I once was accepted for a child abuse investigator job . . . with 30 years of auto-tractor-diesel repair and house building experience that was worthless to them. I also had raised four childen sucessfully and that was also worthless . . . - but I also a few college degrees in History and Cultural Anthropology that made me 100% qualified for the job. I didn't take it. Call it a "weak moment" in my life. I was crippled at the time from a tractor injury and looking for some sort of non-physical work. Local State employment office told me that the County Welfare and Child Protective Services place was the place to find jobs with a college degree and no experience.

One more anecdotal note. The person who ran Child Protective in this county (Otsego) quietly "transferred" to the county next door in Schoharie County, New York. Guess what happened next? He was arrested as a pedophile and for possession of child pornography. And . . this guy was running the place!
 
CPS is a necessary service, but...

I'm a single father who is currently in a custody battle for my kids. For the second time. First time I took her to court, now she's taking me to court.

Both times my ex tried the "his house is unfit" thing. Funny thing is, my house is CLEANER and LESS CLUTTERED than when she lived there! I was vindicated both times. How would my ex know what condition my house is in now? She hasn't been there in three years. I believe most complaints come from people who have a grudge. CPS figures it out.

The CPS people have a checklist, if you meet the minimum requirements, you're OK. I more than met them, your sister probably will, too. And if there is a problem, they let you fix it.

I'd say the single parent is one of the most scrutinized people in the country. It's terrible. I've visited MARRIED couples with children whose homes are in much worse shape than mine. Bad enough to take their kids away? No, mostly just cluttered!
 
What a load of bull. Anybody can phone in a report and not even leave their name or contact info. As a result, the majority of reports are found to be 100% bogus. Many are phoned in by angry ex-spouses, angry ex girl or boy friends, new neighbors that just plain don't like somebody, city people that hate "dirty" farmers, etc.

To say all people who call in reports truly think there is a problem is absolutely rediculous. Go read some stats. Also, please don't move near me.
 
I was a police officer, in another lifetime.

The call I dreaded the most was to go pick up an HHS (Health & Human Services) worker and do a child neglect investigation. In my 12 years as a cop, I don't recall one (and I probably was involved in a hundred or better) of these investigations that was not unfounded (note I said "neglect", not "abuse", two totally different things).

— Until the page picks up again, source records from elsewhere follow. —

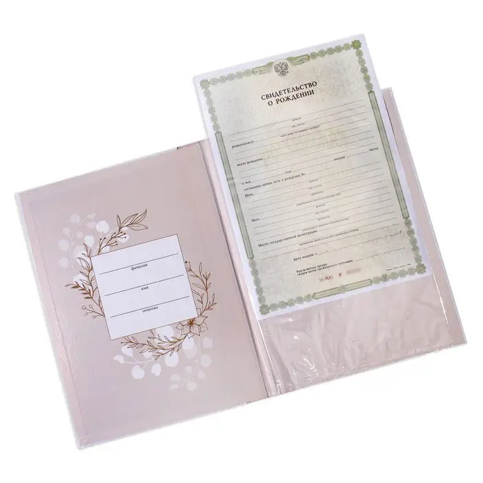 Обложка для свидетельства о рождении А4 – полезный аксессуар, позволяющий хранить первый важный документ ребёнка в целости и сохранности. Материал обложки выполнен из плотного переплётного картона 1,25 мм, приятен на ощупь. Внутри – плотный файл размером А4. В такой обложке документ сохранится и не помнётся даже при активном использовании.
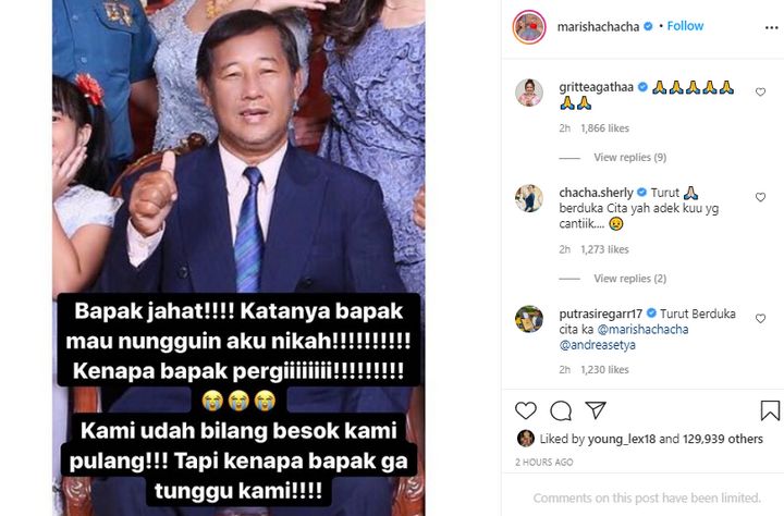 Get Ayah Marisha Chacha Meninggal Background. Ayah chacha marissa meninggal dunia. Ayah dari marisha chacha diketahui meninggal dunia pada jumat (16/10).
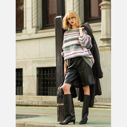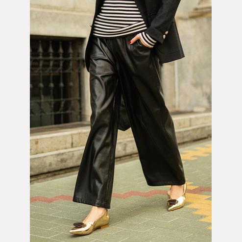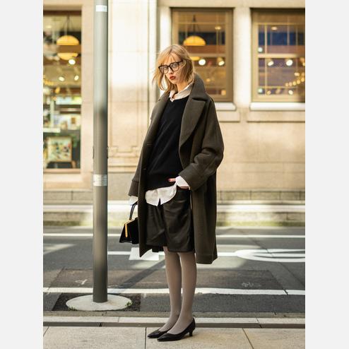 ☑︎柔らかくしなやかなフェイクレザー素材で、リアルレザーのような見た目ながら軽やかな着用感。
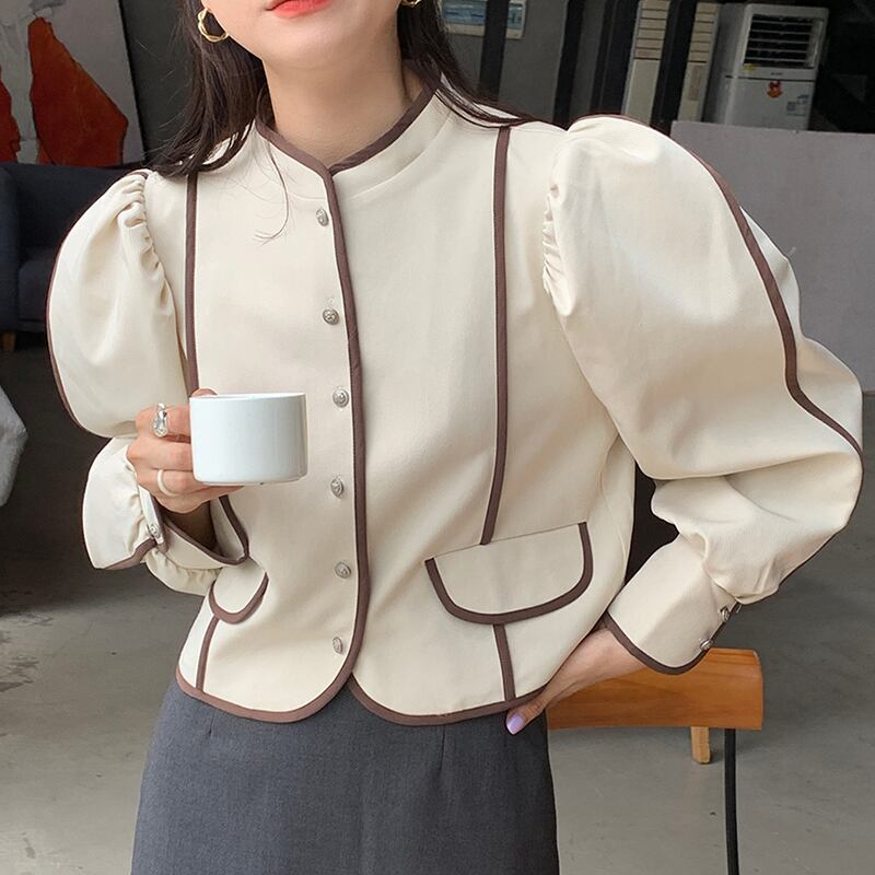 【韓国ファッション】大人可愛い オータムスタイルスタンドカラーカラーラインルーズスリーブショートジャケット レッド 秋物 ♡ 韓国98627650514 | パリジェンヌ、韓国系ファッション July

The worse was when we had to go to an area that was nothing but low income housing. Three square blocks of 12-plex apartment buildings, 99% of the occupants on some sort of public assistance.

After being investigated, the person who was the subject of being investigated would immediately anonymously call in the two or three neighbors that she suspected may have reported her in retaliation. We would end up back in the same building, but in a different apartment, at least half a dozen times over the next few weeks.

One part of the job I don't miss at all.
 
"since when should a person who has not done a thing tell someone else how it is done ..." . Well, Old, apparently you haven't been around/worked for a corporation lately, because NO ONE in management has EVER done what they are telling you needs to be done faster with less mistakes by fewer people. As for DFS, they are bad news. Once they get their nose in your business it's nearly impossible to get them back out of your life.
 
Have someone call in a complaint about yourself and let them second guess the way YOU are raising YOUR kids and then let's see what you have to say AFTER you have learned something about what you are talking about.
 
(quoted from post at 20:49:37 10/25/10) This was all because of a Hot line call by some one who is mad at my sister

Then it seems that a simple visit by the CPS folks would show that the call is unfounded and all will be well.